-- Records follows --

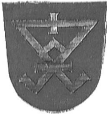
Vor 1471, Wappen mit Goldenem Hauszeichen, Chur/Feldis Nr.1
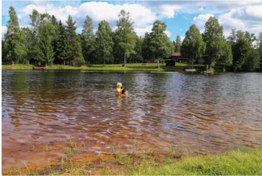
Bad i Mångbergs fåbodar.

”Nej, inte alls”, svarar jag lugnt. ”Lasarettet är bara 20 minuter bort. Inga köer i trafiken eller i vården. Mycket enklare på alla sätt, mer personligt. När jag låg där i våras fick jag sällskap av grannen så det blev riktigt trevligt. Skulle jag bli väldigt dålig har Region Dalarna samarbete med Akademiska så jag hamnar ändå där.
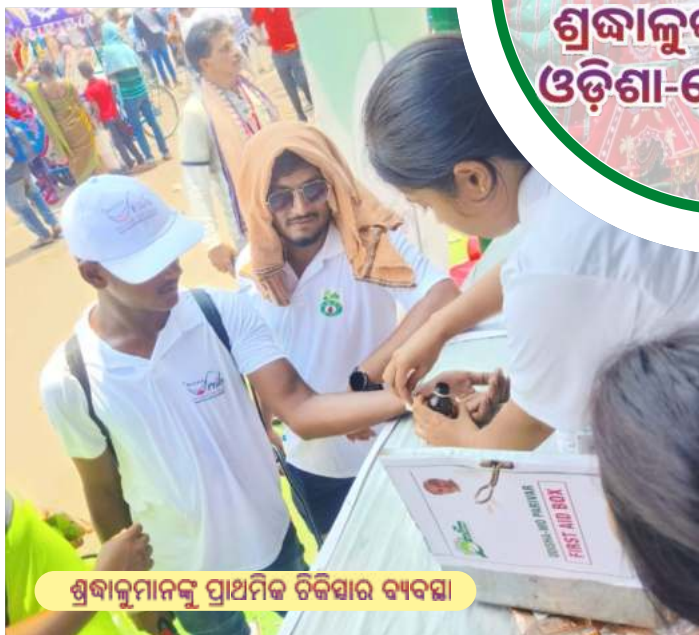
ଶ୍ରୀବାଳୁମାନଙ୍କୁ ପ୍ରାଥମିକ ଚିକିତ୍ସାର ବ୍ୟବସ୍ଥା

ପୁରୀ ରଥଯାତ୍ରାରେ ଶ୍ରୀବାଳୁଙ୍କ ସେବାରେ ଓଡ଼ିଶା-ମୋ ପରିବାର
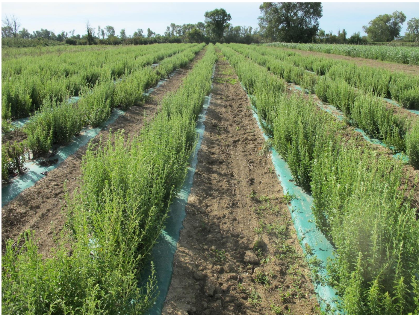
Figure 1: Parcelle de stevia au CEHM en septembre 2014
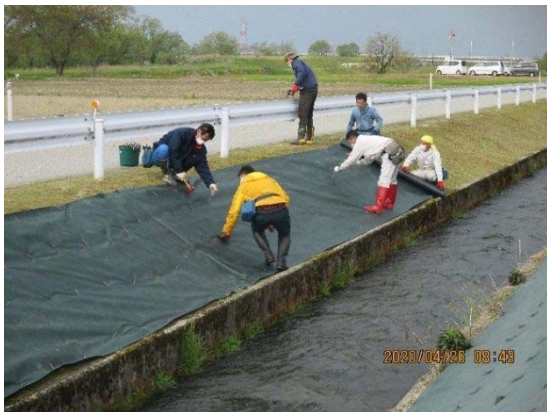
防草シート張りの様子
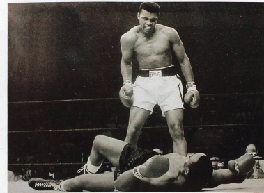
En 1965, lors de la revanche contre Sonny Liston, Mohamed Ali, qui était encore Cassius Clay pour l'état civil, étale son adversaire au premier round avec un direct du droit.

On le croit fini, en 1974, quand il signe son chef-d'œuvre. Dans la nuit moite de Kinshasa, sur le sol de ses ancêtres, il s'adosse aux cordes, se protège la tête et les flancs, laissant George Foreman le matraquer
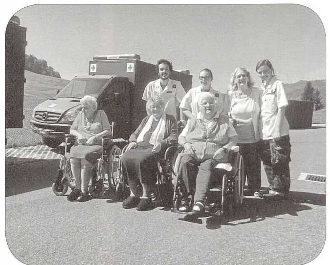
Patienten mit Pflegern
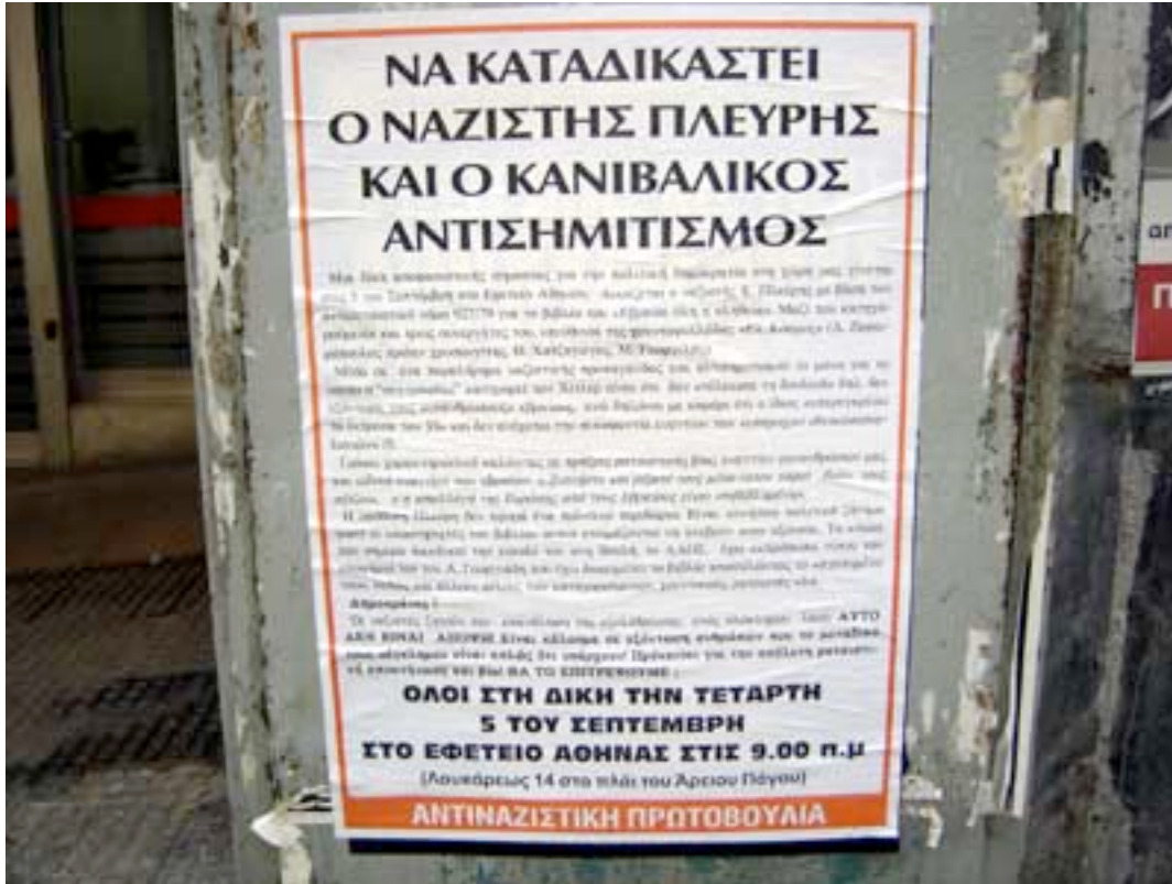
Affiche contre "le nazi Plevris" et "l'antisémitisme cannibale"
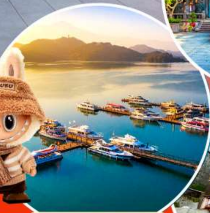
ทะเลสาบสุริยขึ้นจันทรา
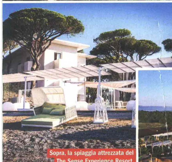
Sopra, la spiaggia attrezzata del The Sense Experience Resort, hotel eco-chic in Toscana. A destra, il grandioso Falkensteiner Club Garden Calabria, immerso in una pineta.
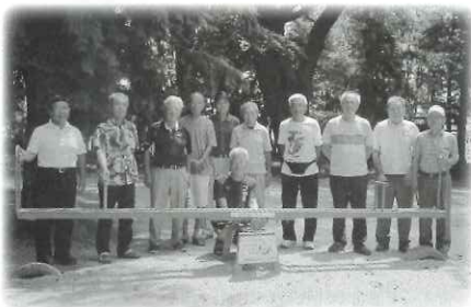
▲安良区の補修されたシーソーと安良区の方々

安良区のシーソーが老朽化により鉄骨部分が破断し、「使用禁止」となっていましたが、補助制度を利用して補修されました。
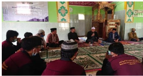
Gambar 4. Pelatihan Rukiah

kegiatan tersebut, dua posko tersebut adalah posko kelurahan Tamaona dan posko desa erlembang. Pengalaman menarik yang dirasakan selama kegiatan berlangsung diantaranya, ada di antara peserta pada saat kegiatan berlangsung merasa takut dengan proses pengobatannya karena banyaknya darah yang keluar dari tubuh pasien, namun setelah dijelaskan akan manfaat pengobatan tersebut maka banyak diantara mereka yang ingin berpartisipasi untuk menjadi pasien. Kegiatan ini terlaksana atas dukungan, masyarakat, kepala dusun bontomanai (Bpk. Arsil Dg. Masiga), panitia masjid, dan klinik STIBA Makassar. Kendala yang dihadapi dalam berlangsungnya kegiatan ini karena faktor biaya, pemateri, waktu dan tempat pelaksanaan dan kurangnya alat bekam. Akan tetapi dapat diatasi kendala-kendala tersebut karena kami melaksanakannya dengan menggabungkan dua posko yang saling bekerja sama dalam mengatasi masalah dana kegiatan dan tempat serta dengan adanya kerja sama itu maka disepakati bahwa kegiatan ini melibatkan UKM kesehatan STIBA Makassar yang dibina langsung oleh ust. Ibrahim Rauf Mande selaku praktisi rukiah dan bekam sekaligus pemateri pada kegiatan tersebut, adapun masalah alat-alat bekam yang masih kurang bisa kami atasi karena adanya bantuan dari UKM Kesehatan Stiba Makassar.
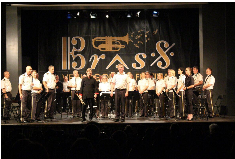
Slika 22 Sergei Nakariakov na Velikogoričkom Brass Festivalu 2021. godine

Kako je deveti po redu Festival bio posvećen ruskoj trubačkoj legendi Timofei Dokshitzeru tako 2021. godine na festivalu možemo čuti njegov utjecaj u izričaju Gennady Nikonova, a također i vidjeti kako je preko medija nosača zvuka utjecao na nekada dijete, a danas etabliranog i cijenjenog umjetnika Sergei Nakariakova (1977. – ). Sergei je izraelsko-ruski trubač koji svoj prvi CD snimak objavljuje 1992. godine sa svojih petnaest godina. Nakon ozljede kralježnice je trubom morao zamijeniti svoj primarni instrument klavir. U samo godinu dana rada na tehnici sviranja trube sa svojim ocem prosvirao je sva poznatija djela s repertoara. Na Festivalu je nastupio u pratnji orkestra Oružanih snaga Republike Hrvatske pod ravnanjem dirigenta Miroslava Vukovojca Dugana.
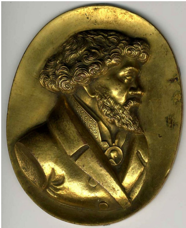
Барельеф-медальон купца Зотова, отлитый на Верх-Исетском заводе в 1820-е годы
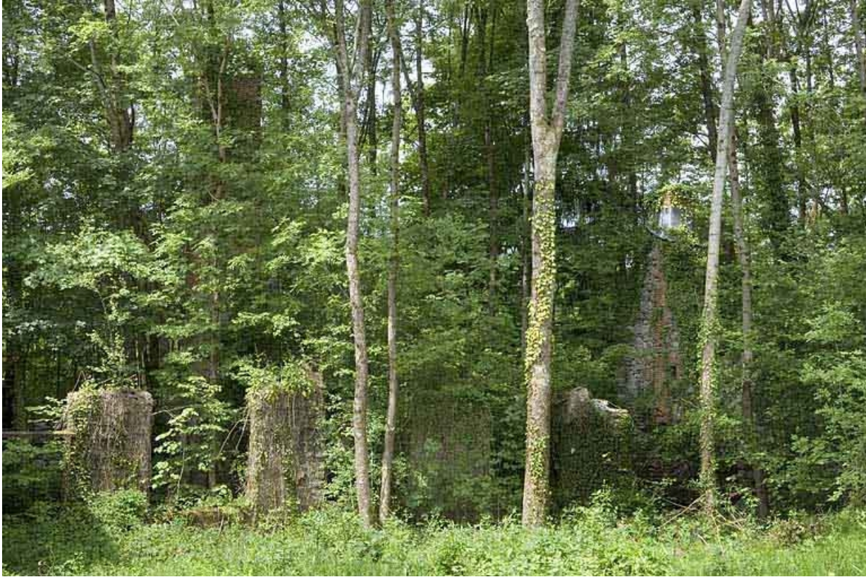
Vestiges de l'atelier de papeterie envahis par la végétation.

-- Records concluded --

• **Aim of the task**
Apart from its pictures, the material above should be repeated exactly.

• **Answer below**
Vor 1471, Wappen mit Goldenem Hauszeichen, Chur/Feldis Nr.1
Bad i Mångbergs fåbodar.

”Nej, inte alls”, svarar jag lugnt. ”Lasarettet är bara 20 minuter bort. Inga köer i trafiken eller i vården. Mycket enklare på alla sätt, mer personligt. När jag låg där i våras fick jag sällskap av grannen så det blev riktigt trevligt. Skulle jag bli väldigt dålig har Region Dalarna samarbete med Akademiska så jag hamnar ändå där.
ଶ୍ରୀବାଳୁମାନଙ୍କୁ ପ୍ରାଥମିକ ଚିକିତ୍ସାର ବ୍ୟବସ୍ଥା

ପୁରୀ ରଥଯାତ୍ରାରେ ଶ୍ରୀବାଳୁଙ୍କ ସେବାରେ ଓଡ଼ିଶା-ମୋ ପରିବାର
Figure 1: Parcelle de stevia au CEHM en septembre 2014
防草シート張りの様子
En 1965, lors de la revanche contre Sonny Liston, Mohamed Ali, qui était encore Cassius Clay pour l'état civil, étale son adversaire au premier round avec un direct du droit.

On le croit fini, en 1974, quand il signe son chef-d'œuvre. Dans la nuit moite de Kinshasa, sur le sol de ses ancêtres, il s'adosse aux cordes, se protège la tête et les flancs, laissant George Foreman le matraquer
Patienten mit Pflegern
Affiche contre "le nazi Plevris" et "l'antisémitisme cannibale"
ทะเลสาบสุริยขึ้นจันทรา
Sopra, la spiaggia attrezzata del The Sense Experience Resort, hotel eco-chic in Toscana. A destra, il grandioso Falkensteiner Club Garden Calabria, immerso in una pineta.
▲安良区の補修されたシーソーと安良区の方々

安良区のシーソーが老朽化により鉄骨部分が破断し、「使用禁止」となっていましたが、補助制度を利用して補修されました。
Gambar 4. Pelatihan Rukiah

kegiatan tersebut, dua posko tersebut adalah posko kelurahan Tamaona dan posko desa erlembang. Pengalaman menarik yang dirasakan selama kegiatan berlangsung diantaranya, ada di antara peserta pada saat kegiatan berlangsung merasa takut dengan proses pengobatannya karena banyaknya darah yang keluar dari tubuh pasien, namun setelah dijelaskan akan manfaat pengobatan tersebut maka banyak diantara mereka yang ingin berpartisipasi untuk menjadi pasien. Kegiatan ini terlaksana atas dukungan, masyarakat, kepala dusun bontomanai (Bpk. Arsil Dg. Masiga), panitia masjid, dan klinik STIBA Makassar. Kendala yang dihadapi dalam berlangsungnya kegiatan ini karena faktor biaya, pemateri, waktu dan tempat pelaksanaan dan kurangnya alat bekam. Akan tetapi dapat diatasi kendala-kendala tersebut karena kami melaksanakannya dengan menggabungkan dua posko yang saling bekerja sama dalam mengatasi masalah dana kegiatan dan tempat serta dengan adanya kerja sama itu maka disepakati bahwa kegiatan ini melibatkan UKM kesehatan STIBA Makassar yang dibina langsung oleh ust. Ibrahim Rauf Mande selaku praktisi rukiah dan bekam sekaligus pemateri pada kegiatan tersebut, adapun masalah alat-alat bekam yang masih kurang bisa kami atasi karena adanya bantuan dari UKM Kesehatan Stiba Makassar.
Slika 22 Sergei Nakariakov na Velikogoričkom Brass Festivalu 2021. godine

Kako je deveti po redu Festival bio posvećen ruskoj trubačkoj legendi Timofei Dokshitzeru tako 2021. godine na festivalu možemo čuti njegov utjecaj u izričaju Gennady Nikonova, a također i vidjeti kako je preko medija nosača zvuka utjecao na nekada dijete, a danas etabliranog i cijenjenog umjetnika Sergei Nakariakova (1977. – ). Sergei je izraelsko-ruski trubač koji svoj prvi CD snimak objavljuje 1992. godine sa svojih petnaest godina. Nakon ozljede kralježnice je trubom morao zamijeniti svoj primarni instrument klavir. U samo godinu dana rada na tehnici sviranja trube sa svojim ocem prosvirao je sva poznatija djela s repertoara. Na Festivalu je nastupio u pratnji orkestra Oružanih snaga Republike Hrvatske pod ravnanjem dirigenta Miroslava Vukovojca Dugana.
Барельеф-медальон купца Зотова, отлитый на Верх-Исетском заводе в 1820-е годы
Vestiges de l'atelier de papeterie envahis par la végétation.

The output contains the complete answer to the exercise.